Data segment

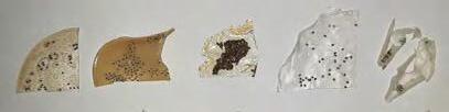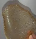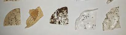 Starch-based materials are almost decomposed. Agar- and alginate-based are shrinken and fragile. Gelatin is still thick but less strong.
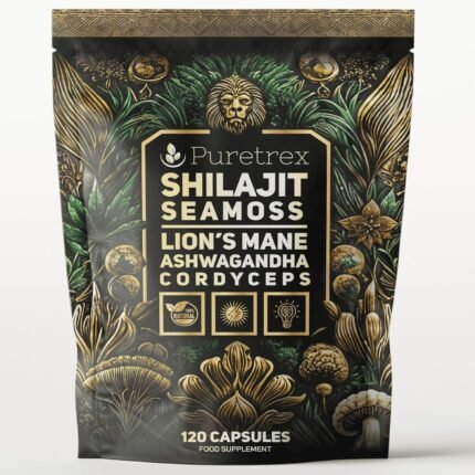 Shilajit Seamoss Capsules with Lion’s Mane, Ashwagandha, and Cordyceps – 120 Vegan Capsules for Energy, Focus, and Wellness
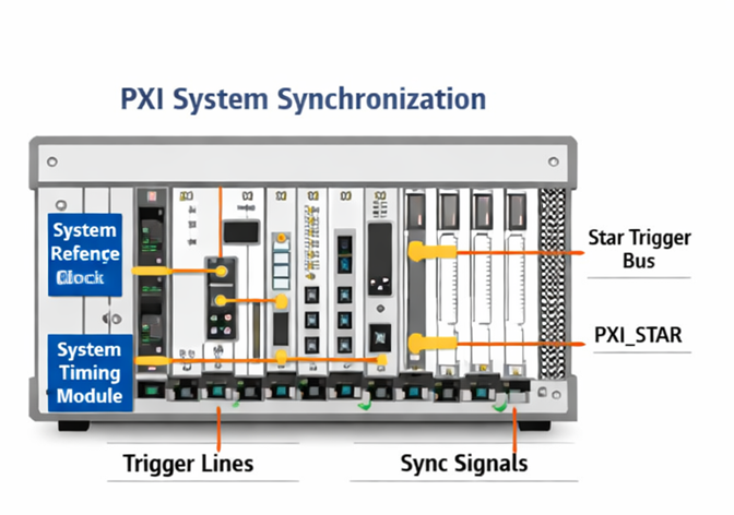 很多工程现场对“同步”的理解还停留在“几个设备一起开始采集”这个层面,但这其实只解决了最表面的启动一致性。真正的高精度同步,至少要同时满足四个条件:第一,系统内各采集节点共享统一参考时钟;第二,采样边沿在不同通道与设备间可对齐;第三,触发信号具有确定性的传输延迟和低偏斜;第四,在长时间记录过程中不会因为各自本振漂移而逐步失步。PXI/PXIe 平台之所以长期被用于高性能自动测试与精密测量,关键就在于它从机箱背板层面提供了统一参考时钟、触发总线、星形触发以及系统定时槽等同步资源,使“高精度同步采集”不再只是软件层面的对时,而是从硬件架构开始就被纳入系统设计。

What you have to do
Give the data again exactly as written, with all pictures left out.

Task result
 Starch-based materials are almost decomposed. Agar- and alginate-based are shrinken and fragile. Gelatin is still thick but less strong.
 Shilajit Seamoss Capsules with Lion’s Mane, Ashwagandha, and Cordyceps – 120 Vegan Capsules for Energy, Focus, and Wellness
 很多工程现场对“同步”的理解还停留在“几个设备一起开始采集”这个层面,但这其实只解决了最表面的启动一致性。真正的高精度同步,至少要同时满足四个条件:第一,系统内各采集节点共享统一参考时钟;第二,采样边沿在不同通道与设备间可对齐;第三,触发信号具有确定性的传输延迟和低偏斜;第四,在长时间记录过程中不会因为各自本振漂移而逐步失步。PXI/PXIe 平台之所以长期被用于高性能自动测试与精密测量,关键就在于它从机箱背板层面提供了统一参考时钟、触发总线、星形触发以及系统定时槽等同步资源,使“高精度同步采集”不再只是软件层面的对时,而是从硬件架构开始就被纳入系统设计。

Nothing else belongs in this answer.